§ EXERCISE DESCRIPTION: In the entries below, repeat only the lines between those holding "The Crypto whale" and "출발지에 ‘세종’을, 도착지에 원하는 지역을 입력하세요. 예: 세종 → 서울", inclusive. Leave pictures out.

§ THE DATA:
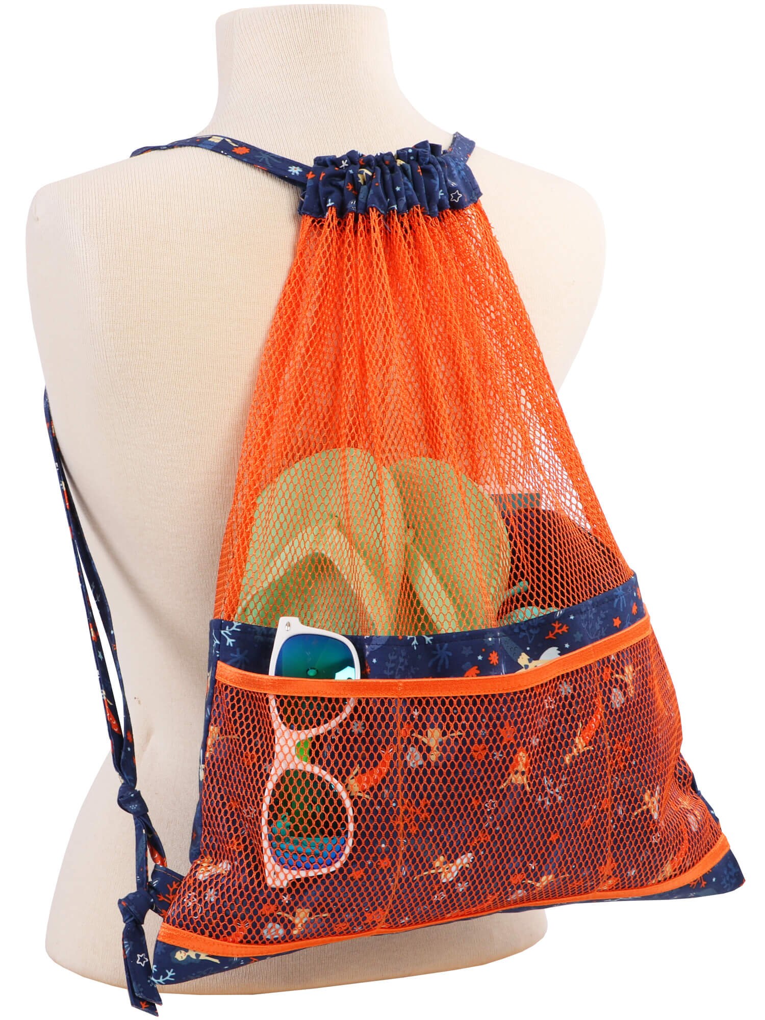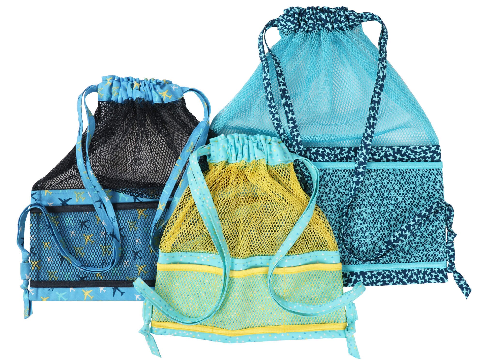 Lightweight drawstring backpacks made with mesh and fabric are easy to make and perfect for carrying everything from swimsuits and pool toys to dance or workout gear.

---

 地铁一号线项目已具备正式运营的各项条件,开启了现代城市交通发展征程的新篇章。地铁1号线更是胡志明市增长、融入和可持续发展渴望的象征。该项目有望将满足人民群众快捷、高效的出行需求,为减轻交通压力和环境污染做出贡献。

--

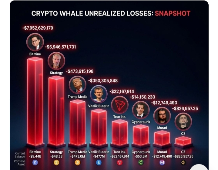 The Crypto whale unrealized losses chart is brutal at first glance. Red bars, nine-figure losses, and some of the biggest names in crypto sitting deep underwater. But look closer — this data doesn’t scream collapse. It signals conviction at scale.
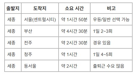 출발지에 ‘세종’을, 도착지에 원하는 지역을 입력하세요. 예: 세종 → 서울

§ TASK SOLUTION:
 The Crypto whale unrealized losses chart is brutal at first glance. Red bars, nine-figure losses, and some of the biggest names in crypto sitting deep underwater. But look closer — this data doesn’t scream collapse. It signals conviction at scale.
 출발지에 ‘세종’을, 도착지에 원하는 지역을 입력하세요. 예: 세종 → 서울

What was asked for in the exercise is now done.